Derivations are from [Source Separation Tutorial Mini-Series II: Introduction to Non-Negative Matrix Factorization](https://ccrma.stanford.edu/~njb/teaching/sstutorial/part2.pdf).

We attempt to minimize the divergence $D$, between the original matrix $X$ and the product of the deconstructed $W$ and $H$ matrices:
$$
min(D(V||\hat{V}))
$$
For NMF, this means
$$
min_{W, H >= 0}(D(V||W\times H))
$$
This is read as *we want to select non-negative values for $W$ and $H$ that will minimize $D$*.

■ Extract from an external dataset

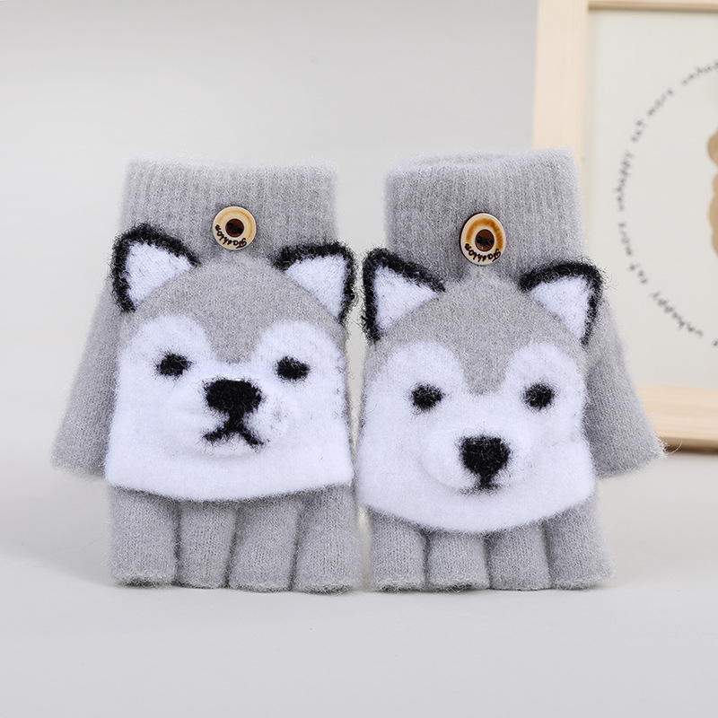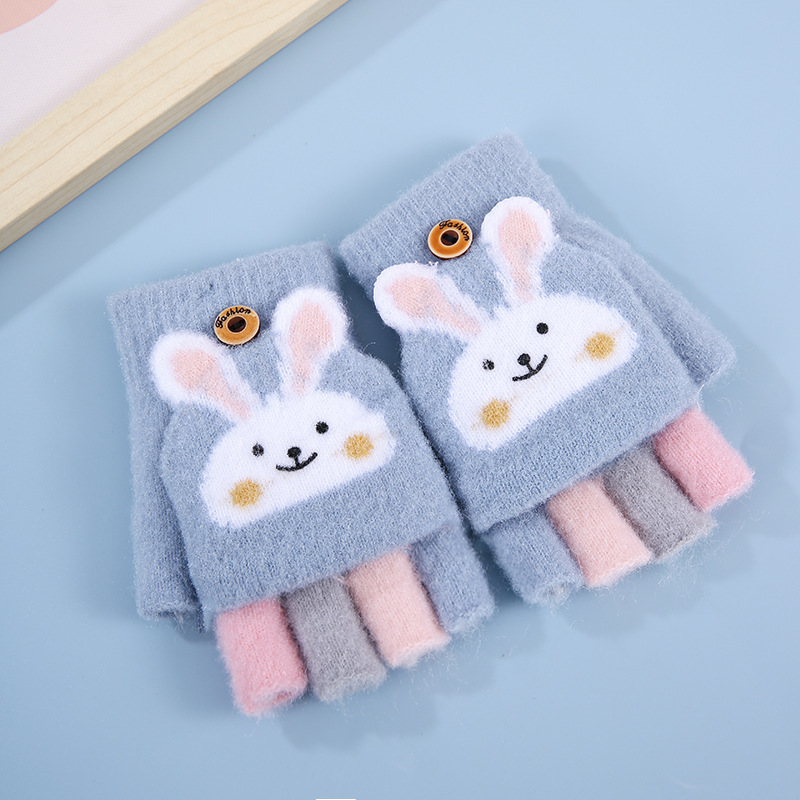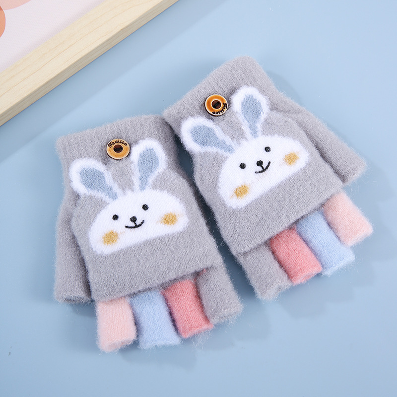 어린이 장갑 겨울 따뜻한 남성과 여성 공주 아기 반 손가락 플립 장갑 귀여운 어린이 학생 쓰기 만화스토어 가기

There are many functions we can choose to approximate $D$ for examle, **Euclidean Distance**:
$$
D(V||\hat{V}) = \sum_{i,j}{(V_{ij} - \hat{V}_{ij})^{2}}
$$
However, in practice, we commonly select **[Kullback-Leibler Divergence](https://en.wikipedia.org/wiki/Kullback%E2%80%93Leibler_divergence)** to use for the divergence metric:      
$$
D(V||\hat{V}) = \sum_{i,j}{(V_{ij}log(\frac{V_{ij}}{\hat{V}_{ij}}) - V_{ij} + \hat{V}_{ij})}
$$
We can rewrite this as (by substituting $V_{ij}$ with $W\times H$):
$$
D(V||\hat{V}) = \sum_{i,j}{(V_{ij}log(\frac{V_{ij}}{W\times H}) - V_{ij} + W\times H)}
$$

From here, we can use [Jensen's Inequality](https://en.wikipedia.org/wiki/Jensen%27s_inequality) to rewrite this as 
$$
H^{\star}_{kj} = \frac{\sum{V_{ij}\pi_{ijk}}}{\sum{W_{ik}}}
$$
Here, $\pi_{ijk}$ is how much of the component $k$ to assign to the i-th document's j-th feature.